Dans les reproches qui précèdent, attendu qu'un grand nombre de fidèles ne les méritaient pas, il débute autrement : « Je vous loue de ce que vous vous souvenez de moi en toutes choses » ; ici, au contraire : « Mais je ne puis vous louer en ce que je vais vous dire ». Aussi n'exprime-t-il pas ce reproche aussitôt après la réprimande contre ceux qui mangeaient des viandes consacrées aux idoles; comme son langage devait être sévère, l'apôtre intercale ses réflexions sur la chevelure, pour rompre la suite des accusations véhémentes, pour que son discours ne paraisse pas trop violent.
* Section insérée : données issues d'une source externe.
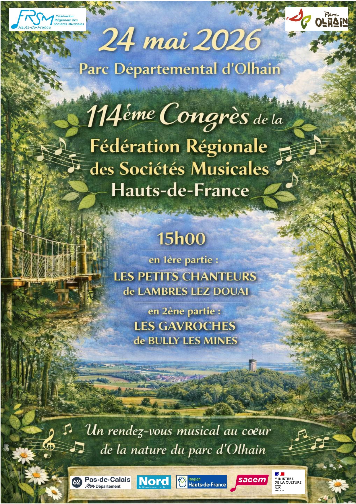 Le congrès de la Fédération Régionale des Sociétés Musicales Hauts-de-France se déroulera le dimanche 24 mai au sein du Parc Départemental d'Olhain, rue de Rebreuve à Maisnil les Ruitz dans le département du Pas-de-Calais.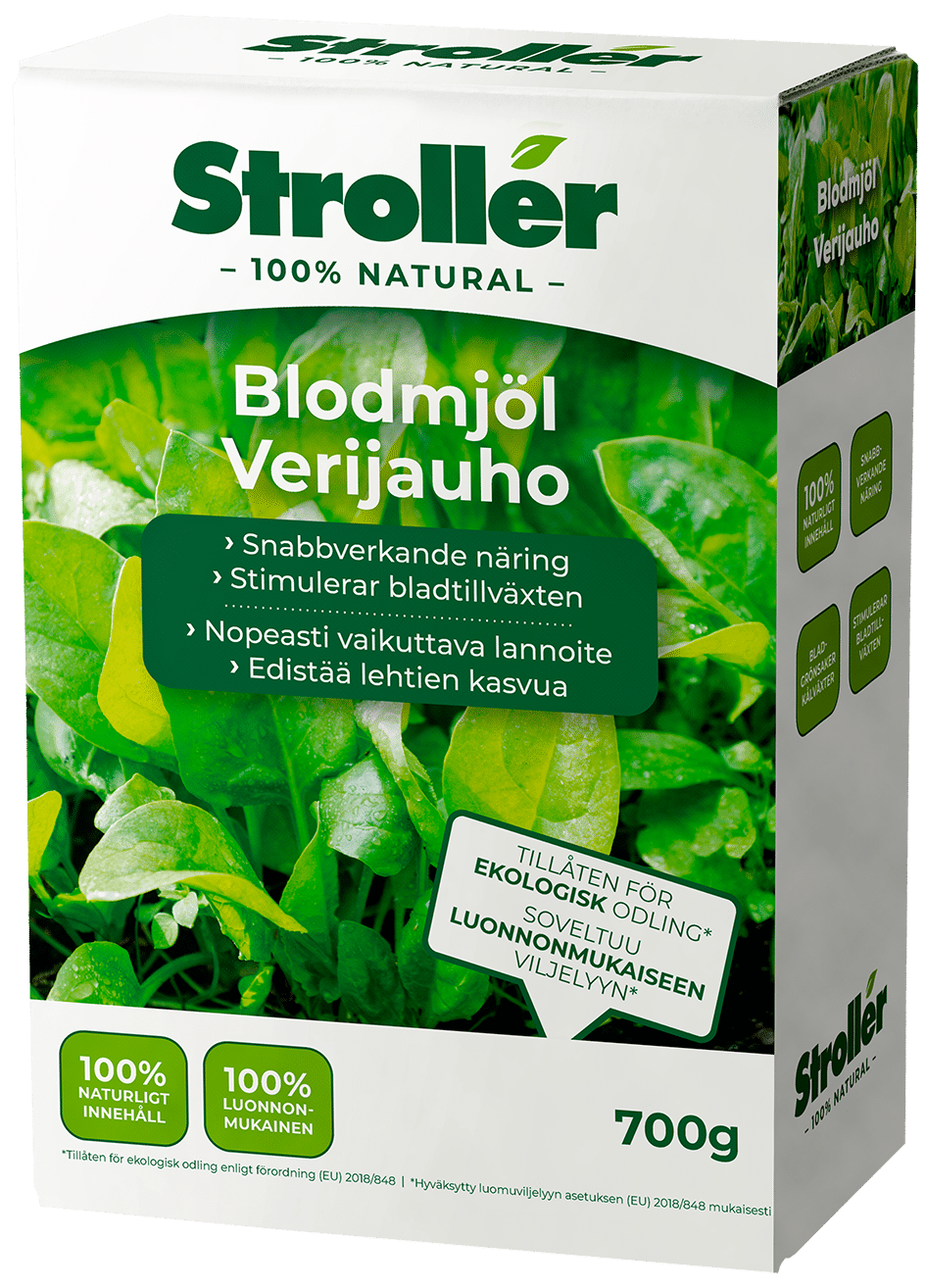 Stroller Blodmjöl är ett snabbverkande gödsel med högt innehåll av kväve. Den stimulerar framför allt bladtillväxten och lämpar sig därför extra bra till bladgrönsaker.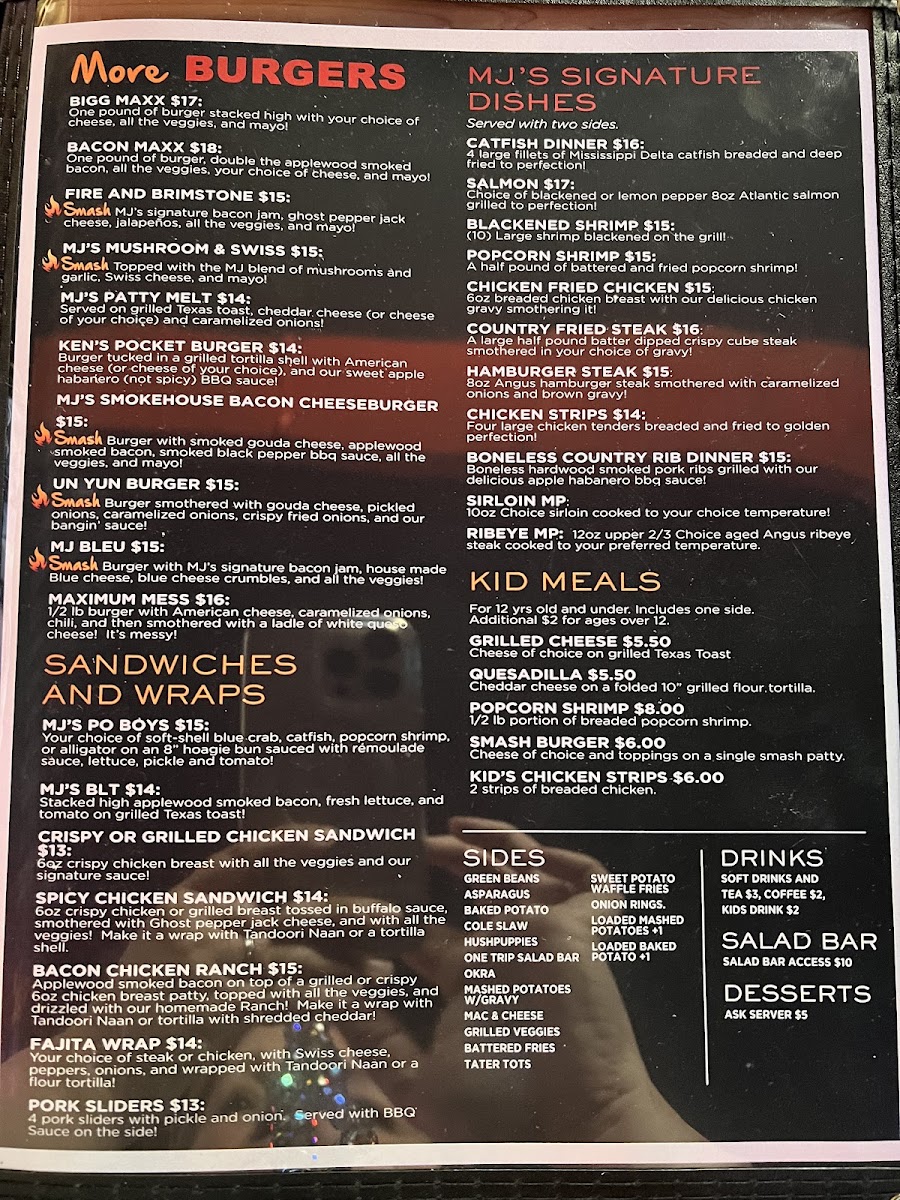 Welcome to MJ's Bar and Grill, a culinary gem located at 8300 AR-23 in Branch, Arkansas. This vibrant establishment impresses with its diverse menu, featuring mouthwatering burgers like the Bacon Maxx and Un Yun Burger, alongside signature dishes such as Country Fried Steak and Glazed or Blackened Salmon. Whether you're in for a hearty dinner or a kid-friendly meal with Cod Bites and Grilled Cheese, there's something for everyone.

Il revient ensuite à la réprimande forte et vive, et il dit : « Mais je ne puis vous louer en ce que je vais vous dire ». Qu'est-ce donc ? c'est ce dont je vais vous parler. Que signifie ce : « Je ne puis vous louer en ce que je vais dire? » Je ne comprends pas, dit-il, que vous me forciez à vous donner un semblable conseil; je ne puis vous louer de voir qu'il vous faille une pareille leçon, que vous ayez besoin en cela de mes avertissements. Voyez-vous comme il montre, dès le début, l'inconvenance de ce qui se passe? En effet, quand le pécheur n'a pas besoin d'avertissement pour éviter le péché, le péché semble indigne de pardon. Et pourquoi ne pouvez-vous pas clous louer? « Parce que vos assemblées vous nuisent, au lieu de vous servir », dit-il; c'est-à-dire, parce que vous n'avancez pas dans la vertu. Quand vous devriez vous améliorer, brûler de plus en plus du désir de faire des progrès, vous avez affaibli un usage autrefois en vigueur, et vous l'avez affaibli à tel point que vous avez besoin de mes exhortations pour retourner à l'ancienne règle. Ensuite, ne voulant pas avoir l'air de parler seulement en faveur des pauvres, il ne se presse pas de discourir sur les tables ; sa réprimande pourrait être méprisée ; il cherche l'expression la plus puissante, la plus propre à inspirer une grande terreur : que dit-il ? « Premièrement, j'apprends que , lorsque vous vous assemblez dans l'église, il y a des schismes parmi vous (18) ». Il ne dit pas . J'apprends que vous ne mangez pas en commun, j'apprends que vous mangez en votre particulier, et non pas avec les pauvres; il dit ce qui devait le plus secouer les esprits; il prononce le mot de schisme ; le schisme était, en effet, la cause de ce désordre; et il rappelle encore ce dont il avait parlé au commencement de son épître, et qui lui avait été annoncé par ceux de la maison de Chloé. « Et je le crois en partie ».